Please see the Telemedicine article for the rules and guidelines for use during the COVID-19 public health emergency.
Medicare covers some services performed via real-time audio and video between a patient in an underserved area and a physician or other practitioner who is not in the same place as the patient. Requirements for Medicare telehealth services (not performed during the public health emergency)include:
- Patient must be in either a rural Health Professional Shortage Area (HPSA) located in a rural census tract or in a county outside a Metropolitan Statistical Area (MSA).
- The patient is in the “originating site” and the facility bills Q3041. There is small payment to the facility for that service.
- The practitioner is somewhere else, provides the service remotely, and bills for the service.

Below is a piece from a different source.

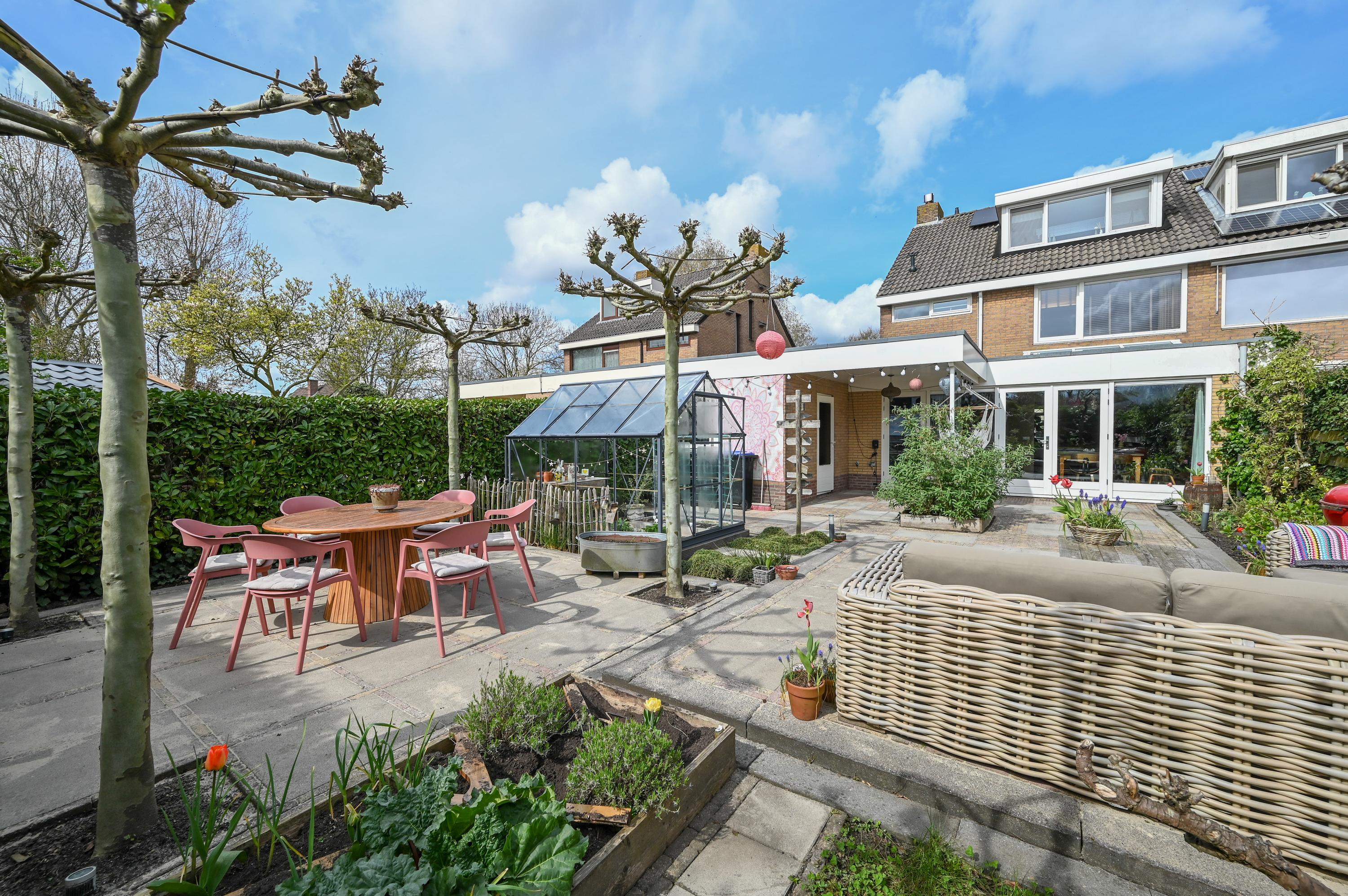 The garden has been thoughtfully landscaped with a mix of terraces, borders, and greenery. A small greenhouse offers space for homegrown produce and hobbies, while fruit trees add a playful and natural character. The layout provides multiple seating areas, each offering a different experience of sun and privacy.

This is considered the “distant site.”
- The distant site bills with place of service 02. The originating site is billed by the facility on a UB, and that form does not include a space for POS.
- CPT developed modifier 95 for use with telehealth (-95 Synchronous telemedicine service rendered via a real-time interactive audio and video telecommunications system)
- As of October 1, 2018, the GT modifier is only allowed on institutional claims billed by a Critical Access Hospital (CAH) Method II.
What services can be provided? Although CPT® now has a symbol (star) to indicate services that can be done via telemedicine, for Medicare, use the CMS list.
EXAMPLE: Patient in rural Vermont Emergency Department needs a neuropsychiatric consult. The ED doctor assesses the patient, and bills for her own ED visit. She arranges a consultation with a neuropsychiatrist in Boston. The Vermont hospital bills Q3041 for providing the space and equipment for the telemedicine service. The neuropsychiatrist bills with a HCPCS code G0425, telehealth consultation, emergency department or initial inpatient, typically 30 minutes communicating with the patient via telehealth. That physician uses POS 02, and modifier 95.
Starting January 1, 2019, CMS removed the restriction on the originating site for treatment of strokes. The patient does not need to be in an underserved area in order to receive treatment for a stroke from a distant site physician. CMS developed a specific modifier for this. “Change request (CR) 10883 establishes use of a new Healthcare Common Procedure Coding System (HCPCS) modifier, G0 (G Zero), to be appended on claims for telehealth services that are furnished on or after January 1, 2019, for purposes of diagnosis, evaluation, or treatment of symptoms of an acute stroke.”